REQUIREMENT
Strip out all images, then restate the data verbatim.

DATA BLOCK
┄┄┄┄┄┄┄┄┄┄

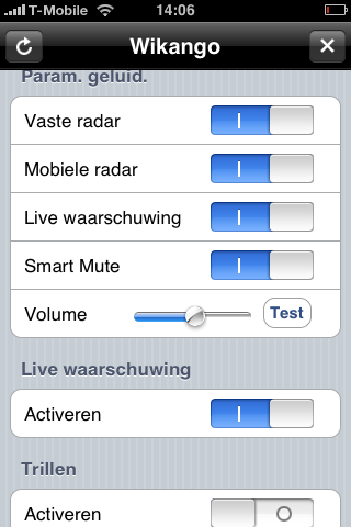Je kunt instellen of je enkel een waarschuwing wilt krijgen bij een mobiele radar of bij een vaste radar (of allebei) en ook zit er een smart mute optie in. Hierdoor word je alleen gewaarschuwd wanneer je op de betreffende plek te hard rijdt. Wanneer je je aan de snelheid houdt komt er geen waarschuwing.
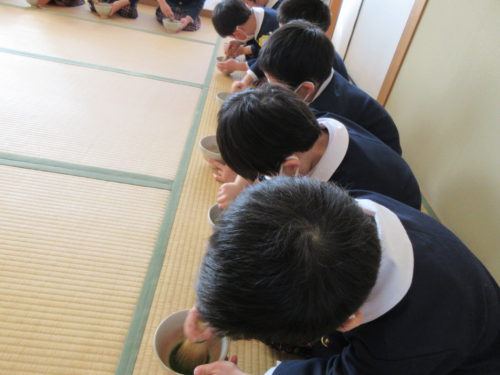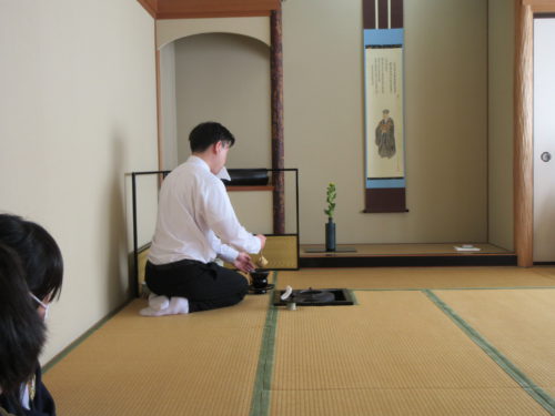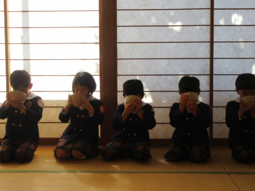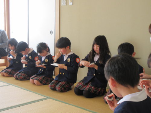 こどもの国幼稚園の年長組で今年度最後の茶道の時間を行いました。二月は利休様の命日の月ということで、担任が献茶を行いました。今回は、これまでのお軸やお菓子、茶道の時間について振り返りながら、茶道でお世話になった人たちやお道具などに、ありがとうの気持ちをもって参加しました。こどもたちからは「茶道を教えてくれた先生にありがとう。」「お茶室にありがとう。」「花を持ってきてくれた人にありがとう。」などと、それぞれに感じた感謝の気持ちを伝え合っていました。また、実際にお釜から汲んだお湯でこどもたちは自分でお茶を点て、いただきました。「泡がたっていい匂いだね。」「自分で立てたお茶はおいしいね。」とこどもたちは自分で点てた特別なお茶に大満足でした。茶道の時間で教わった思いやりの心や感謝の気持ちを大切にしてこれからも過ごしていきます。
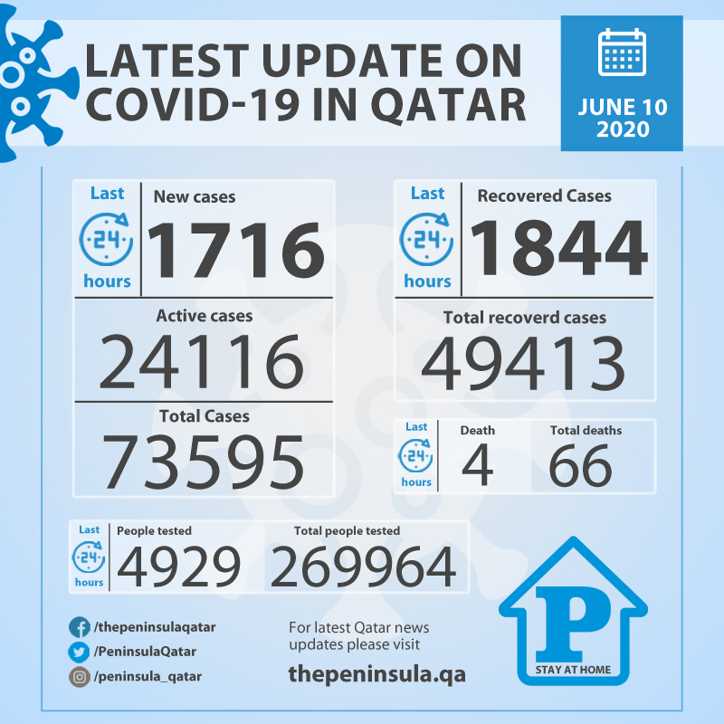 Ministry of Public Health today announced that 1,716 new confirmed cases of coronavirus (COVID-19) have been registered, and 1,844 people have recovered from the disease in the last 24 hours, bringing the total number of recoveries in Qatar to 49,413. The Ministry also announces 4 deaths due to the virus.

┄┄┄┄┄┄┄┄┄┄

SOLUTION FOR THIS PROBLEM
Je kunt instellen of je enkel een waarschuwing wilt krijgen bij een mobiele radar of bij een vaste radar (of allebei) en ook zit er een smart mute optie in. Hierdoor word je alleen gewaarschuwd wanneer je op de betreffende plek te hard rijdt. Wanneer je je aan de snelheid houdt komt er geen waarschuwing.
 こどもの国幼稚園の年長組で今年度最後の茶道の時間を行いました。二月は利休様の命日の月ということで、担任が献茶を行いました。今回は、これまでのお軸やお菓子、茶道の時間について振り返りながら、茶道でお世話になった人たちやお道具などに、ありがとうの気持ちをもって参加しました。こどもたちからは「茶道を教えてくれた先生にありがとう。」「お茶室にありがとう。」「花を持ってきてくれた人にありがとう。」などと、それぞれに感じた感謝の気持ちを伝え合っていました。また、実際にお釜から汲んだお湯でこどもたちは自分でお茶を点て、いただきました。「泡がたっていい匂いだね。」「自分で立てたお茶はおいしいね。」とこどもたちは自分で点てた特別なお茶に大満足でした。茶道の時間で教わった思いやりの心や感謝の気持ちを大切にしてこれからも過ごしていきます。
 Ministry of Public Health today announced that 1,716 new confirmed cases of coronavirus (COVID-19) have been registered, and 1,844 people have recovered from the disease in the last 24 hours, bringing the total number of recoveries in Qatar to 49,413. The Ministry also announces 4 deaths due to the virus.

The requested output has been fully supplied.